Cautionary note on forward-looking statements
Certain statements and illustrations contained herein are forward-looking. These statements and illustrations provide current expectations of future events based on certain assumptions and include any statement that does not directly relate to a historical fact or current fact. Forward-looking statements typically are identified by words or phrases such as “anticipate“, “assume“, “believe“, “continue“, “estimate“, “expect“, “foresee“, “intend“, “may increase“ and “may fluctuate“ and similar expressions or by future or conditional verbs such as “will“, “should“, “would“ and “could“. These forward-looking statements involve known and unknown risks, uncertainties and other factors, which may cause Swiss Re’s actual results, performance, achievements or prospects to be materially different from any future results, performance, achievements or prospects expressed or implied by such statements.

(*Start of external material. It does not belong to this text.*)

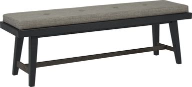 Urban rustic styling and chic tailored touches combine to create the Hill Creek dining room. Crafted with oak veneers, the collection has a rubbed black finish. Perfect for gathering family and friends, the 41 x 76 inch table features a plank style top and supportive trestle base. Wonderfully detailed side chairs feature tufted gray linen-style upholstery along with decorative nailhead trim.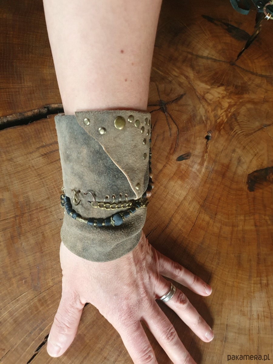 Szeroka bransoleta również ma zapięcie na napy.

Such factors include, among others:
- the direct and indirect impact of the continuing deterioration in the financial markets and the efficacy of efforts to strengthen financial institutions and stabilise the credit markets and the broader financial system;
- changes in global economic conditions and the effects of the global economic downturn;
- the occurrence of other unanticipated market developments or trends;
- Swiss Re’s ability to maintain sufficient liquidity and access to capital markets, including sufficient liquidity to cover potential recapture of reinsurance agreements, early calls of debt or debt like arrangements and collateral calls under derivative contracts due to actual or perceived deterioration of Swiss Re’s financial strength;
- the effect of market conditions, including the global equity and credit markets, and the level and volatility of equity prices, interest rates, credit spreads, currency values and other market indices, on Swiss Re’s investment assets;
- changes in Swiss Re’s investment result as a result of changes in its investment policy or the changed composition of Swiss Re’s investment assets, and the impact of the timing of any such changes relative to changes in market conditions;
- uncertainties in valuing credit default swaps and other credit-related instruments;
- possible inability to realise amounts on sales of securities on Swiss Re’s balance sheet equivalent to its mark-to-market values recorded for accounting purposes;
- the outcome of tax audits, the ability to realise tax loss carry forwards and the ability to realise deferred tax assets (including by reason of the mix of earnings in a jurisdiction or deemed change of control), which could negatively impact future earnings;
- the possibility that Swiss Re’s hedging arrangements may not be effective;
- the lowering or loss of one of the financial strength or other ratings of one or more companies in the Group;
- risks associated with implementing Swiss Re’s business strategies;
- the cyclicality of the reinsurance industry;
- uncertainties in estimating reserves;
- the frequency, severity and development of insured claim events;
- acts of terrorism and acts of war;
These factors are not exhaustive. We operate in a continually changing environment and new risks emerge continually. Readers are cautioned not to place undue reliance on forward-looking statements. We undertake no obligation to publicly revise or update any forward-looking statements, whether as a result of new information, future events or otherwise.